Tech talk: How Vespa Automatic Transmissions Work

By Maxwell Materne

Just about once a day I surprise someone by saying that all new Vespas are automatic.  Twist and go, nothing to it, easiest thing in the world to ride.  Inevitably it’s followed by the question of, “how does that work?”  It’s really quite simple and ingenious; first let’s get an understanding of some of the principles behind gearing.

Gear Ratios

A vehicle’s gear ratio is a huge part of its driving characteristics.  Let’s go back to your first 10 speed bicycle.  Each click through the gears changed the speed you were traveling while keeping your legs moving at the same rate.

If you were to have a 15 tooth front (driving) sprocket and 15 tooth rear (driven) sprocket connected by a chain, each sprocket would be moving at the same speed.  With a 15 tooth front and a 30 tooth rear every revolution you make with you legs only equates to a half a rotation on the rear sprocket.  This gearing ratio would be an easy way to get the bicycle moving but with higher speeds you would have to increase the speed of your pedaling or decrease the gear ratio to something like our 15 to 15 tooth set-up (1:1 gear ratio).  This is the basic principle of how transmissions use gear ratios to convert an engine’s small RPM range to a larger range of speeds.

CVT

Automatic scooters use a continuously variable transmission (CVT) this allows a smooth, stepless alternation of gear ratios.  How the transmission smoothly transitions through gear ratios from a small front and large rear (for slow speed) to a large front and small rear (for high speeds) is done using centrifugal force, cones, a  “v” shaped belt and springs.

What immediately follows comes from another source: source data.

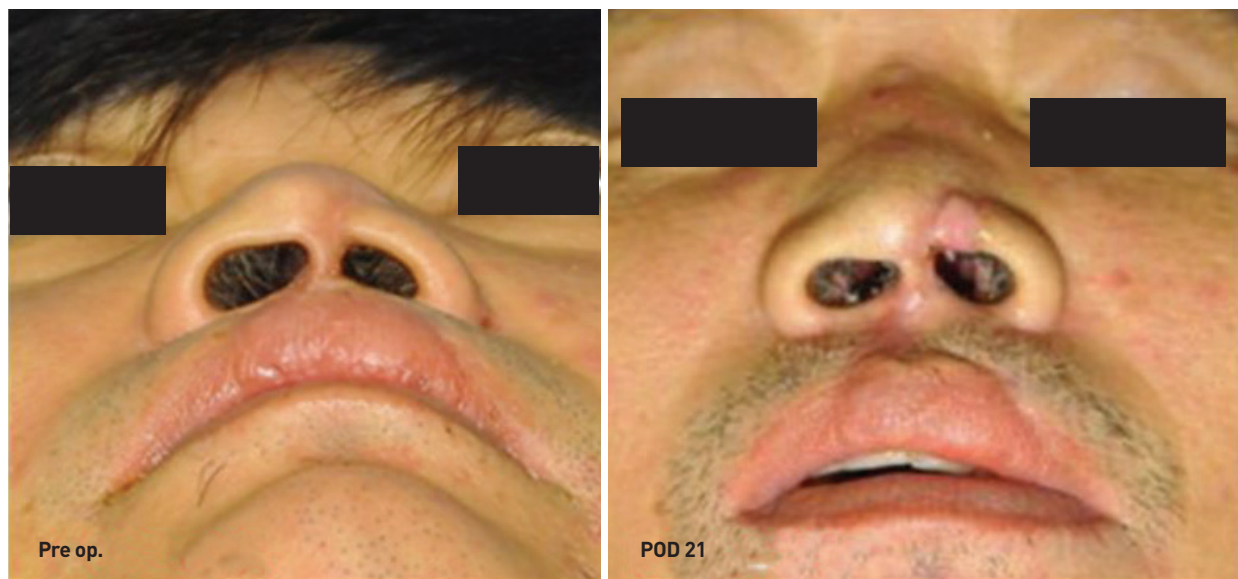
Fig. 5. Change of left nostril lining in a worm's eye view during the follow-up period. OP, operation; POD, post operative days.

graft was gently harvested from the ipsilateral auricular middle helix area.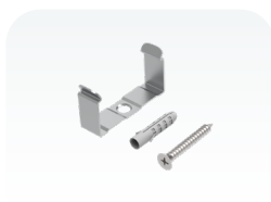
Fastening set (GESP+POE-IN)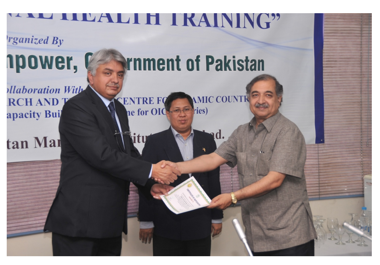
26-28 April 2011, ISLAMABAD / PAKISTAN Training Course on 'Occupational Health and Safety' in Pakistan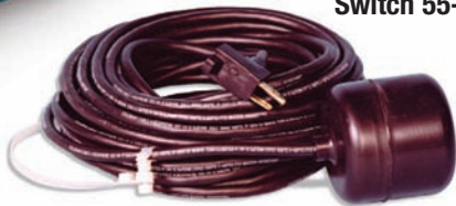
Optional Piggyback Float Switch 55-930

Slim-design, light weight CSA listed submersibles feature top discharge as well as cast-iron impellers, 304 stainless steel casing, motor housing, shaft and hardware. Pump motor is thermal overload protected. An optional piggyback mercury-free float switch is available. Float Switches: The mercury free liquid level control has a piggyback plug molded to the cord allowing the pump motor to plug into the cord and then plug the entire assembly into a standard grounded outlet.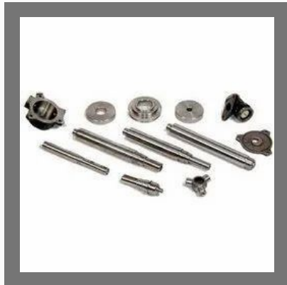
CNC Piston Rod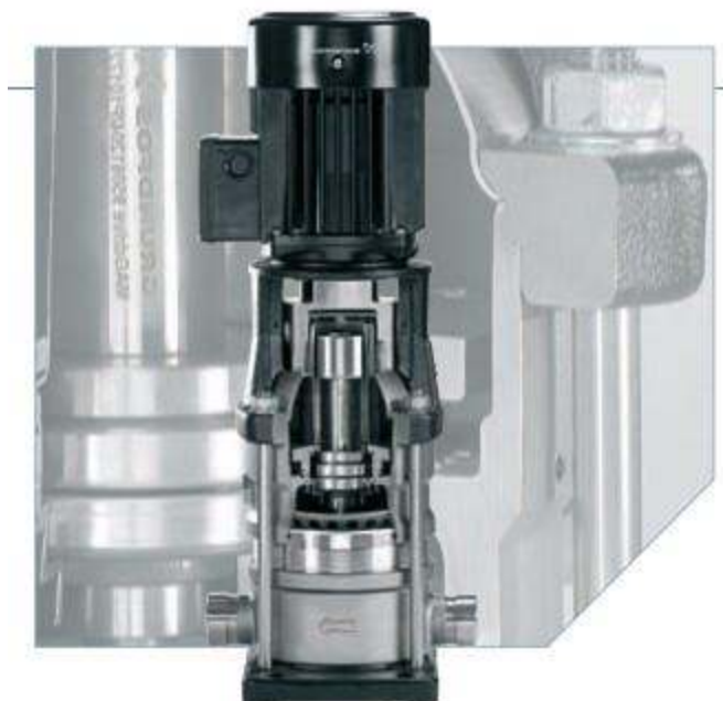
Grundfos CR Series of pumps

Hi , I am sure that you are familiar with Grundfos Vertical In Line Multistage Centrifugal Pumps, if not, Grundfos is one of the largest pump companies in the world. Grundfos is distributed in Western Canada by Arndt Motor and Pump. Arndt Motor and Pump has the largest inventory of Grundfos pumps and parts in Western Canada and has the service team to handle any type of service. What I wanted to do today, was to let you know what is new at Grundfos and how it can help you with your pumping needs.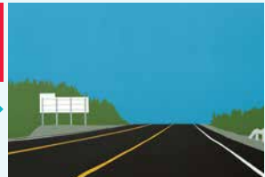
Kym Greeley, Glimpses of Consciousness , acrylic on canvas, 2016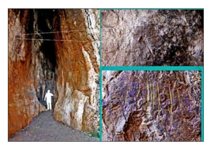
Cavillon Cave, depiction of a horse in profile Pećina Cavillon, crtež konja iz profila.

people is demonstrated mainly by the tools, the choice of area in which to live, and by site management. For Cro-magnon at Cavillon it is also demonstrated by the choice of engraving tools. The extreme delicacy of the horse design and the safe working technique in the handling of chisels to trace its outline provide evidence of a developed artistic sense.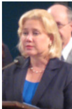
U.S. Senator Mary Landrieu

Senator Mary Landrieu came before the Council today to distribute to Councilmembers a report on the state of Louisiana's recovery progress.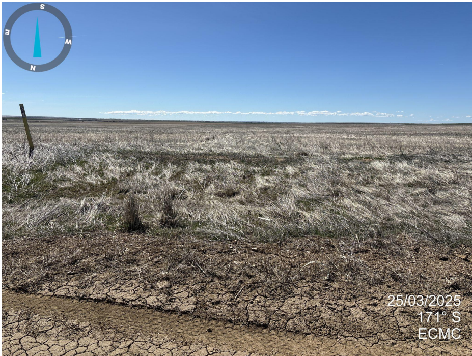
Photo 1. Looking south down former access road. A large amount of list C noxious weed Downy Brome is present on access road. Desirable perennial vegetation has established on the access road and appears to be progressing towards 80% of reference area coverage.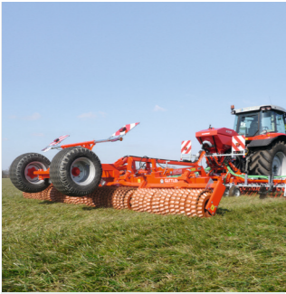
Optionally combinable with a GÜTTLER® Master ...

The GreenSeeder family can be combined with a GÜTTLER® trailed roller at any time.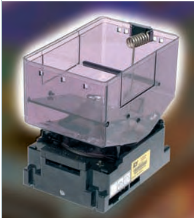
Leonid Series-Mini Hopper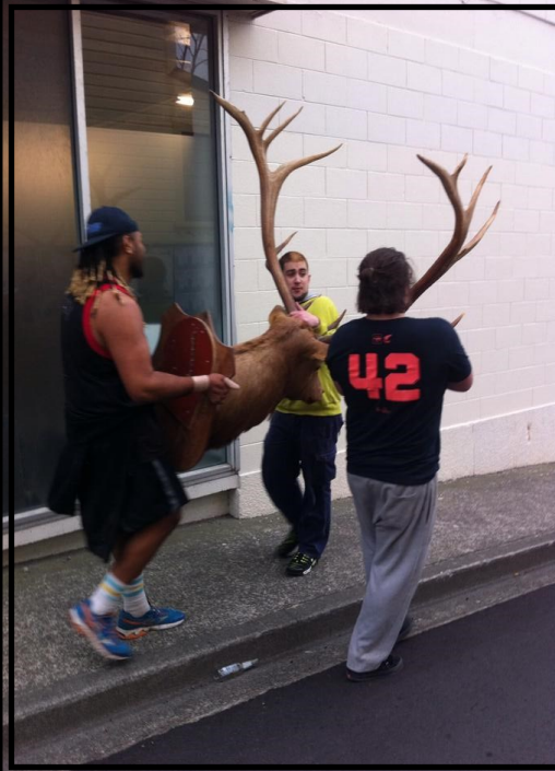
The moving guys shifting the Red Deer Nitz trophy past the main road.

On one side of the transmission (input side) two inward facing cones set on splines of the crankshaft have a “v” shaped belt wedged between them.  The belt is then fed into a similar two cone system on the output side.  By variating the distance of the inward facing cones to each other the ride height of belt on the cones will change.  Because the belt does not vary in size but the cones vary in distance, the ratios change on a sliding scale.

Let me explain how the driving pulley (set of inward facing cones) works.  The pulley is connected directly to the output of the crankshaft.  This means that the up and down motion of the piston is converted to circular motion and put directly to this pulley.  The outside cone of the pulley is bolted in place on the crankshaft while the inside cone expands on its own to become closer to the other cone.  This inner cone has 3 major components: hollow cone, roller kit and fixed backing plate.  The fixed backing plate is held in one spot while rollers between it and the hollow cone are roller outward with centrifugal force to push the hollow cone forward and vary the distance of the two cones.

Now that we know how the driving pulley variates its cone to cone distance, the rear driven pulley is even easier.  The rear cones are pushed together by a spring.  The force of the spring is overcome by the belt being pulled deeper between the cones once the driving pulley starts to expand.  The only thing that complicates the driven pulley is the clutch, which allows the bike to idle and not lurch forward.

Clutch

The clutch is located on the outside of the driven pulley and its principle is quite simple.  It consists of shoes (same as brake pads), springs and a drum.  The drum is fixed to the driven shaft powering the rear wheel and the shoes are connected via the springs to the driven pulley that is free spinning around the driven shaft.  When the speed of the driven pulley produces enough centrifugal force for the shoes to overpower the springs (just off idle) the shoes grab hold of the drum as begin to spin the driven shaft.  In other words, the drum and shoes do not make contact until you are gassing the throttle.

Recap

When you hit the start button on your brand new Vespa the “suck, squish, bang, blow” sequence of your engine starts turning the crankshaft.  This spins your driving pulley, belt and driven pulley.  Once you give the bike some throttle the clutch engages and the rear wheel starts spinning.  The more throttle you give, the farther the rollers in the driving pulley roll out making the 2 driving cones come closer together and the belt rides up the cones.  Because of this the belt pulls farther between the cones of the driven pulley.

There you have it!  Continuously variating transmission that is using a small engine RPM range to produce a wide array of speeds.